▸ **Task description**:
Down to the last line, reproduce the data that follows, but skip the pictures.

▸ **Recorded data**:
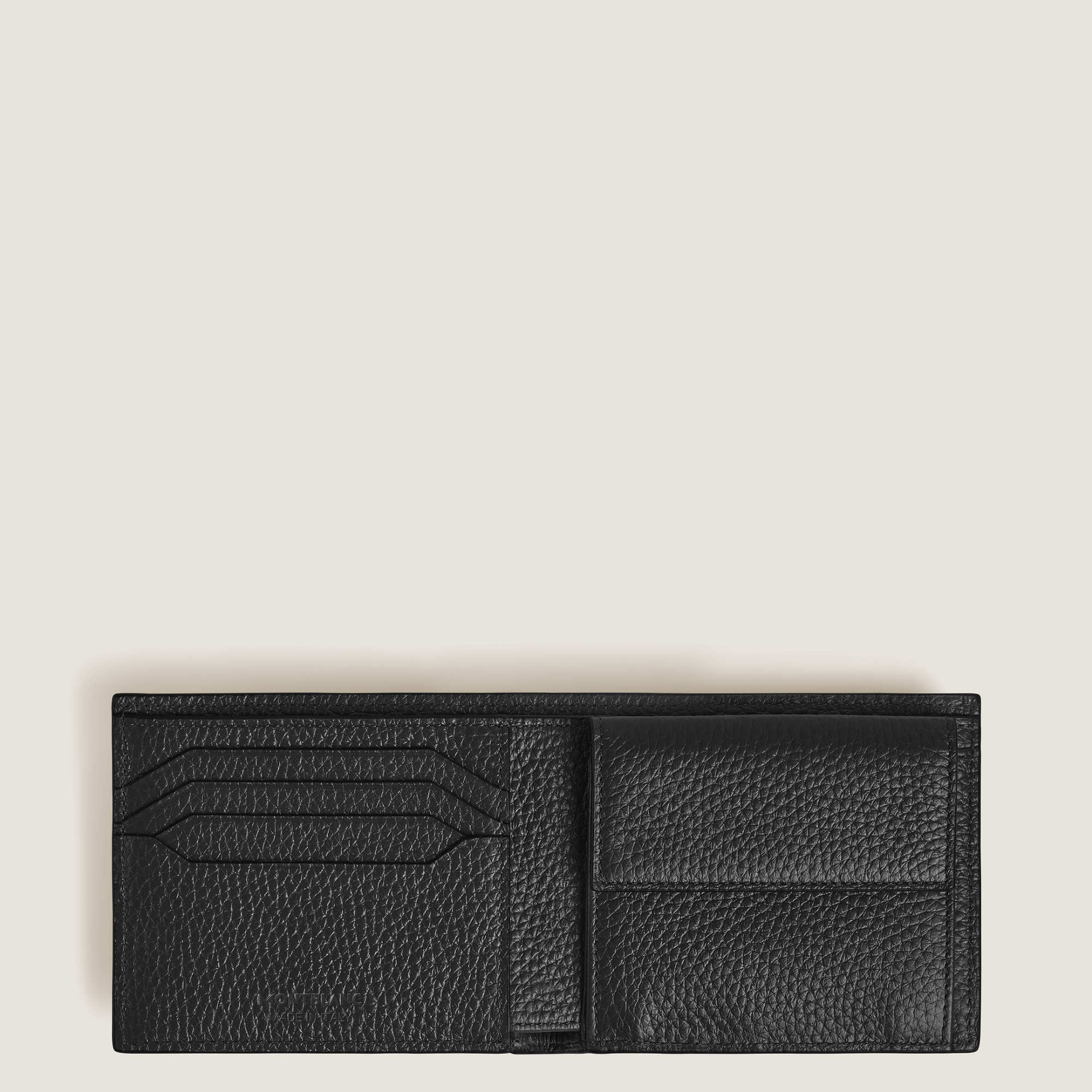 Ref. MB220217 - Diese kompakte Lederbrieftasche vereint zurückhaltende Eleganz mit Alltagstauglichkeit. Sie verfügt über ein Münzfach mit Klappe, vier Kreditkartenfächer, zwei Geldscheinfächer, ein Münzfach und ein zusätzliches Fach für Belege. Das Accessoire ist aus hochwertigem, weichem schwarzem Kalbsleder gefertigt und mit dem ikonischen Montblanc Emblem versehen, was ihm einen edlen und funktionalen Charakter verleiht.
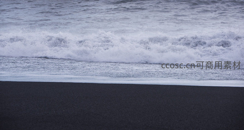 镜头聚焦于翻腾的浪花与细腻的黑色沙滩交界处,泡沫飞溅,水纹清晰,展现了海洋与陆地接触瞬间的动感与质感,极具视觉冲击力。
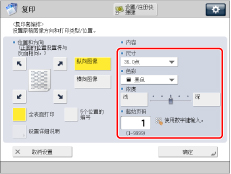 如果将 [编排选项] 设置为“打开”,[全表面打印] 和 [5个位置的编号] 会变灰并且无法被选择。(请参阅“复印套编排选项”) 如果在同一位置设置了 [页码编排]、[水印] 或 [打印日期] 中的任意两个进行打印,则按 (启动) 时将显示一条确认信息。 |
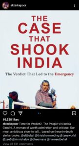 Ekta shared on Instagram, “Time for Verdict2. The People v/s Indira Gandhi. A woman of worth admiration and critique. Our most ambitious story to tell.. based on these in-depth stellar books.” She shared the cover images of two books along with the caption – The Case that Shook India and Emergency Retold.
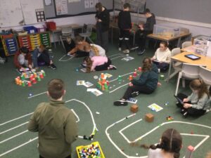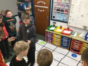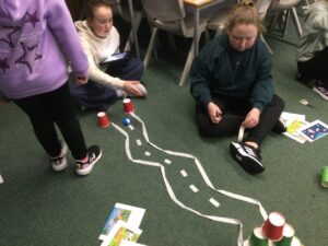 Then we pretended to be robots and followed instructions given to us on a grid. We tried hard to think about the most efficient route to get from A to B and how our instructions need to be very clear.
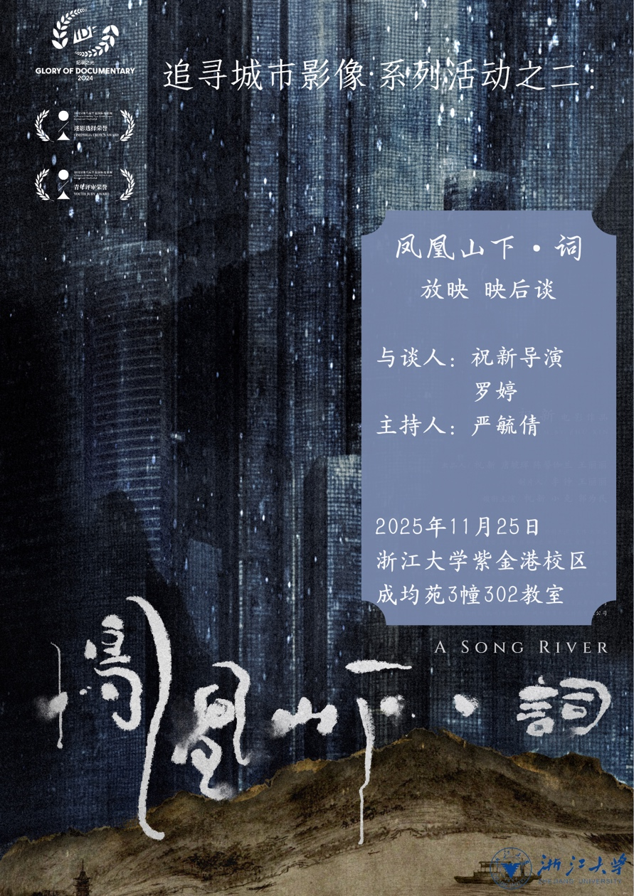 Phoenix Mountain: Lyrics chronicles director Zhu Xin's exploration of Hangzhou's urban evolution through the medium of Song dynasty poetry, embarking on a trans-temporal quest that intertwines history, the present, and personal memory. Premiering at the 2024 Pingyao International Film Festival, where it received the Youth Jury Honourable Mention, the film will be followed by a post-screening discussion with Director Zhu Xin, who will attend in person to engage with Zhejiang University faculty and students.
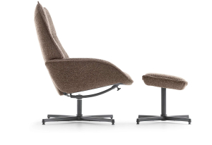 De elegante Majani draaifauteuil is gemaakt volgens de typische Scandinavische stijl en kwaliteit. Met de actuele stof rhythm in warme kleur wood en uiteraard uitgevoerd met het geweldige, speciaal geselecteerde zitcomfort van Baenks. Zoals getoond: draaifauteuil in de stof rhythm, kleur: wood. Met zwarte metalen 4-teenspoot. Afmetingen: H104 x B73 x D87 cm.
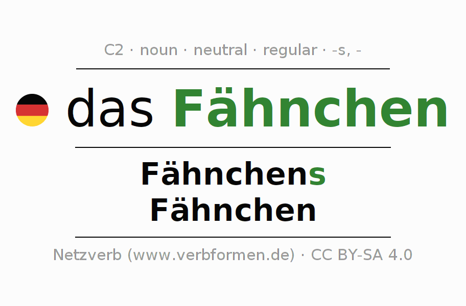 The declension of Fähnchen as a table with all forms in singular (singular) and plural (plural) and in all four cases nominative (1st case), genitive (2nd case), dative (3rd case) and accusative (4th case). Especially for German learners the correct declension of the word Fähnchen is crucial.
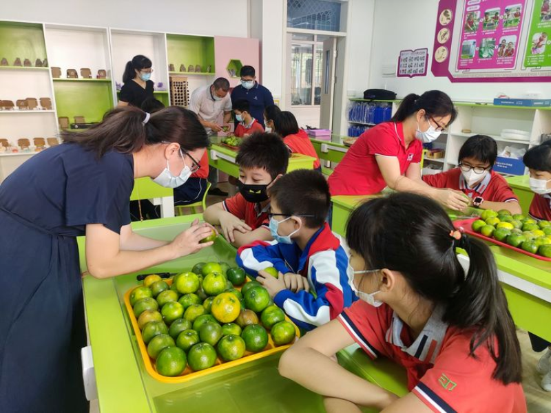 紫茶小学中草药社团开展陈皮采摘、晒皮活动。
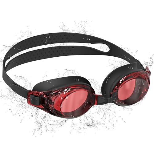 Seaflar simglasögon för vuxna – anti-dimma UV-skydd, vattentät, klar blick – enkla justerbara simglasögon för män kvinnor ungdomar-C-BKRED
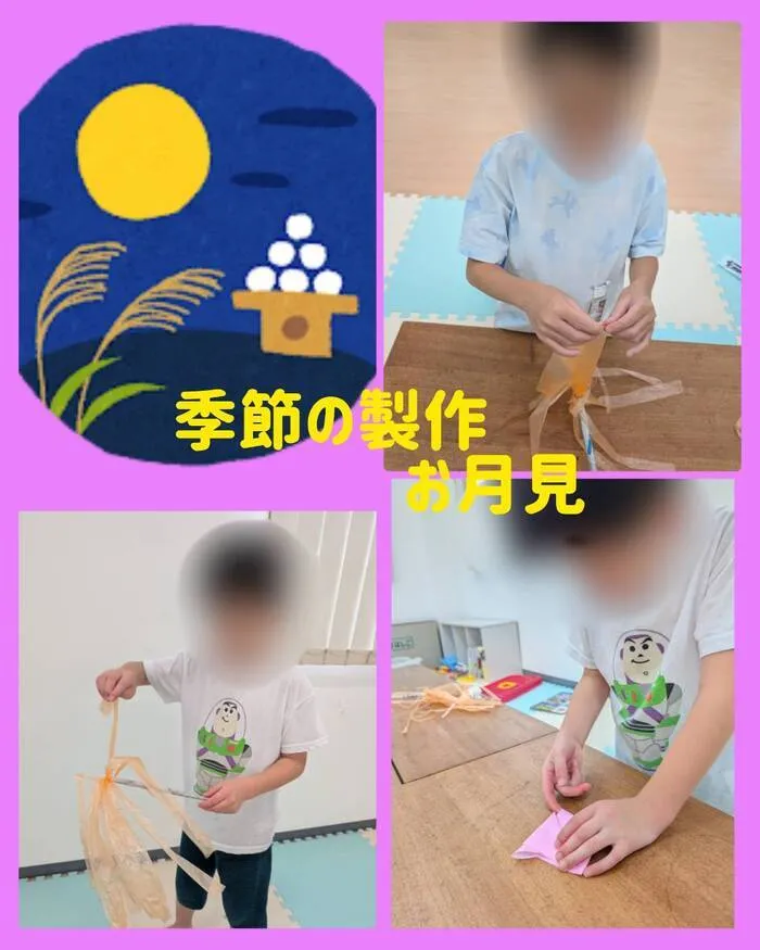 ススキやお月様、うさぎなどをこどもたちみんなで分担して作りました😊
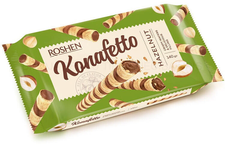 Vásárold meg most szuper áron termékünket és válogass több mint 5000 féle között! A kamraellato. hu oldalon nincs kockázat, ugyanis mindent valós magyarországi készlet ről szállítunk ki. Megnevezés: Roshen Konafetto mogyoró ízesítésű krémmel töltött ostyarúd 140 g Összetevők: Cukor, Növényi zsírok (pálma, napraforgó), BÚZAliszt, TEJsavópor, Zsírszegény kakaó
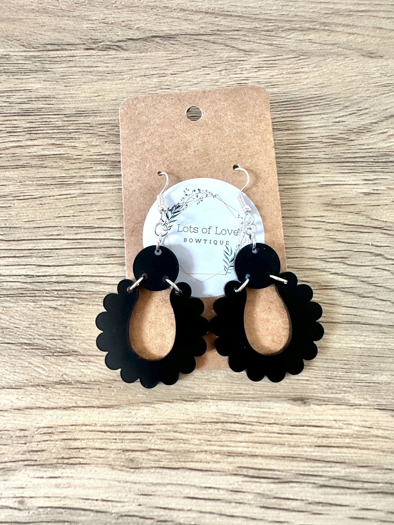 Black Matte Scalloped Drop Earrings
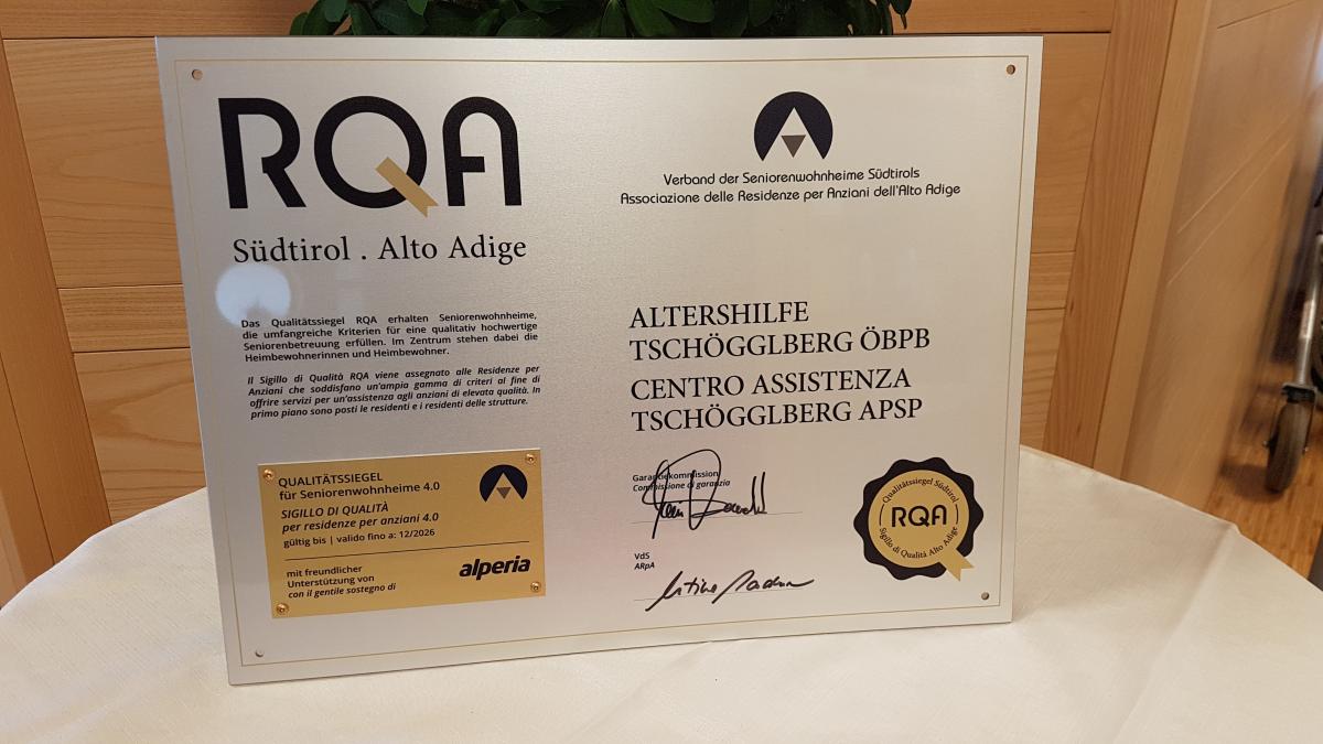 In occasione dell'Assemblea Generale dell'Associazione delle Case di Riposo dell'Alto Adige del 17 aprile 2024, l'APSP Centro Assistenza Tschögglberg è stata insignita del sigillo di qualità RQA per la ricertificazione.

▸ **Answer area**:
 Ref. MB220217 - Diese kompakte Lederbrieftasche vereint zurückhaltende Eleganz mit Alltagstauglichkeit. Sie verfügt über ein Münzfach mit Klappe, vier Kreditkartenfächer, zwei Geldscheinfächer, ein Münzfach und ein zusätzliches Fach für Belege. Das Accessoire ist aus hochwertigem, weichem schwarzem Kalbsleder gefertigt und mit dem ikonischen Montblanc Emblem versehen, was ihm einen edlen und funktionalen Charakter verleiht.
 镜头聚焦于翻腾的浪花与细腻的黑色沙滩交界处,泡沫飞溅,水纹清晰,展现了海洋与陆地接触瞬间的动感与质感,极具视觉冲击力。
 如果将 [编排选项] 设置为“打开”,[全表面打印] 和 [5个位置的编号] 会变灰并且无法被选择。(请参阅“复印套编排选项”) 如果在同一位置设置了 [页码编排]、[水印] 或 [打印日期] 中的任意两个进行打印,则按 (启动) 时将显示一条确认信息。 |
 Ekta shared on Instagram, “Time for Verdict2. The People v/s Indira Gandhi. A woman of worth admiration and critique. Our most ambitious story to tell.. based on these in-depth stellar books.” She shared the cover images of two books along with the caption – The Case that Shook India and Emergency Retold.
 Then we pretended to be robots and followed instructions given to us on a grid. We tried hard to think about the most efficient route to get from A to B and how our instructions need to be very clear.
 Phoenix Mountain: Lyrics chronicles director Zhu Xin's exploration of Hangzhou's urban evolution through the medium of Song dynasty poetry, embarking on a trans-temporal quest that intertwines history, the present, and personal memory. Premiering at the 2024 Pingyao International Film Festival, where it received the Youth Jury Honourable Mention, the film will be followed by a post-screening discussion with Director Zhu Xin, who will attend in person to engage with Zhejiang University faculty and students.
 De elegante Majani draaifauteuil is gemaakt volgens de typische Scandinavische stijl en kwaliteit. Met de actuele stof rhythm in warme kleur wood en uiteraard uitgevoerd met het geweldige, speciaal geselecteerde zitcomfort van Baenks. Zoals getoond: draaifauteuil in de stof rhythm, kleur: wood. Met zwarte metalen 4-teenspoot. Afmetingen: H104 x B73 x D87 cm.
 The declension of Fähnchen as a table with all forms in singular (singular) and plural (plural) and in all four cases nominative (1st case), genitive (2nd case), dative (3rd case) and accusative (4th case). Especially for German learners the correct declension of the word Fähnchen is crucial.
 紫茶小学中草药社团开展陈皮采摘、晒皮活动。
 Seaflar simglasögon för vuxna – anti-dimma UV-skydd, vattentät, klar blick – enkla justerbara simglasögon för män kvinnor ungdomar-C-BKRED
 ススキやお月様、うさぎなどをこどもたちみんなで分担して作りました😊
 Vásárold meg most szuper áron termékünket és válogass több mint 5000 féle között! A kamraellato. hu oldalon nincs kockázat, ugyanis mindent valós magyarországi készlet ről szállítunk ki. Megnevezés: Roshen Konafetto mogyoró ízesítésű krémmel töltött ostyarúd 140 g Összetevők: Cukor, Növényi zsírok (pálma, napraforgó), BÚZAliszt, TEJsavópor, Zsírszegény kakaó
 Black Matte Scalloped Drop Earrings
 In occasione dell'Assemblea Generale dell'Associazione delle Case di Riposo dell'Alto Adige del 17 aprile 2024, l'APSP Centro Assistenza Tschögglberg è stata insignita del sigillo di qualità RQA per la ricertificazione.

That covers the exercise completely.